There are types of hoppers for providing a coin payout. For example, our EP 0080842A discloses a hopper suitable for use with an individual denomination of coin that utilises a selectively drivable endless conveyer to elevate coins from a coin receiving portion of the conveyor along an ascending portion to an exit on the ascending portion of the conveyor for payout.
Coin hoppers are also known that comprise an inclined circular disc that includes radially disposed holes to receive coins from a container for payout. Upon rotation of a disc, coins fall into the holes and are dispensed individually. Reference is directed to our EP-A-026602.

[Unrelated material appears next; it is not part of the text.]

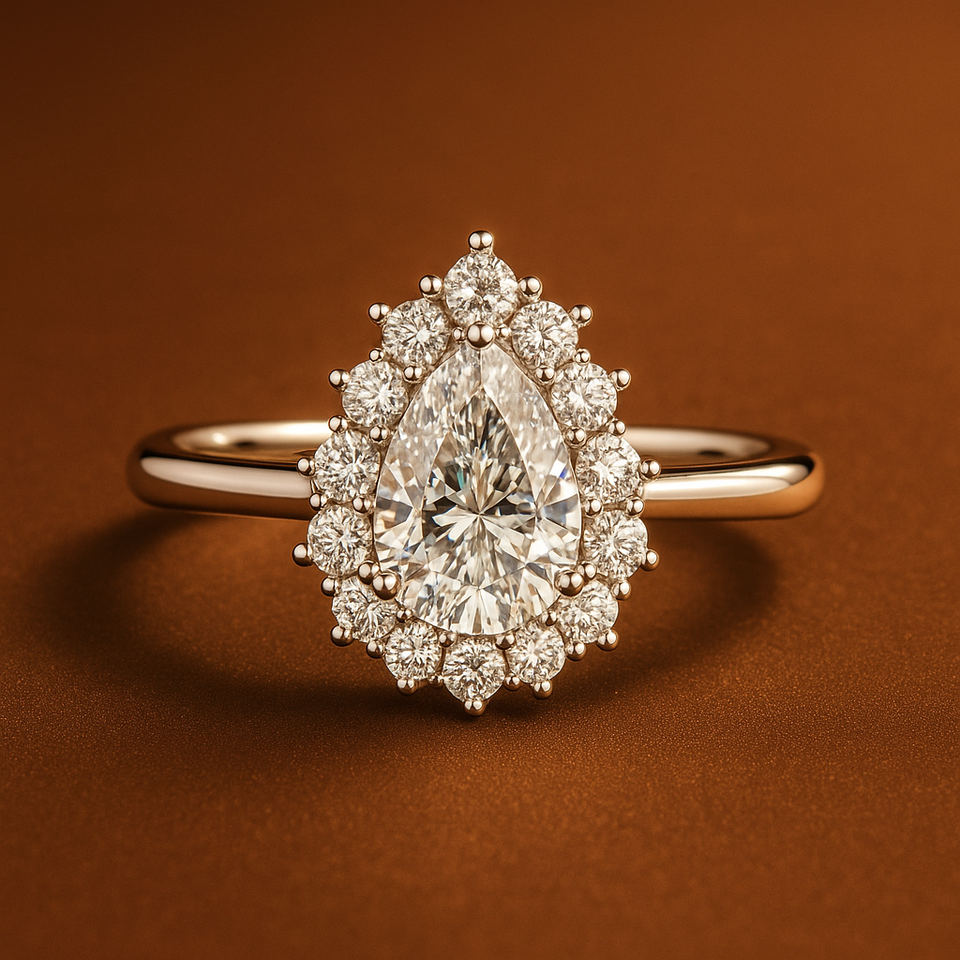 แหวนเพชรทรงลูกแพร์สำหรับผู้หญิง แหวนเพชรทรงฮาโลสำหรับงานหมั้น งานแต่งงาน แหวนเพชรสำหรับขอแต่งงาน ทำจากเพชรแล็บและทองคำแท้ 14K แหวนทองคำคุณภาพสูง

According to the invention in a first aspect, there is provided a coin mechanism comprising an endless loop conveyor whose path includes a coin receiving portion, an ascending portion that ascends from the coin receiving portion, a descending portion that descends to the coin receiving portion and an overarching portion that extends from the ascending portion to the descending portion, a coin supply configured to supply coins individually onto the conveyor in the coin receiving portion to be conveyed along the ascending portion to the overarching portion, a guide on the underside of the overarching portion to retain the coins on the conveyor, and a coin exit to permit coins to leave the conveyor at a location thereon beyond the ascending portion.
The location of the exit may be on the underside of the overarching portion. Thus, the location of the exit is not restricted to the ascending portion of the conveyer.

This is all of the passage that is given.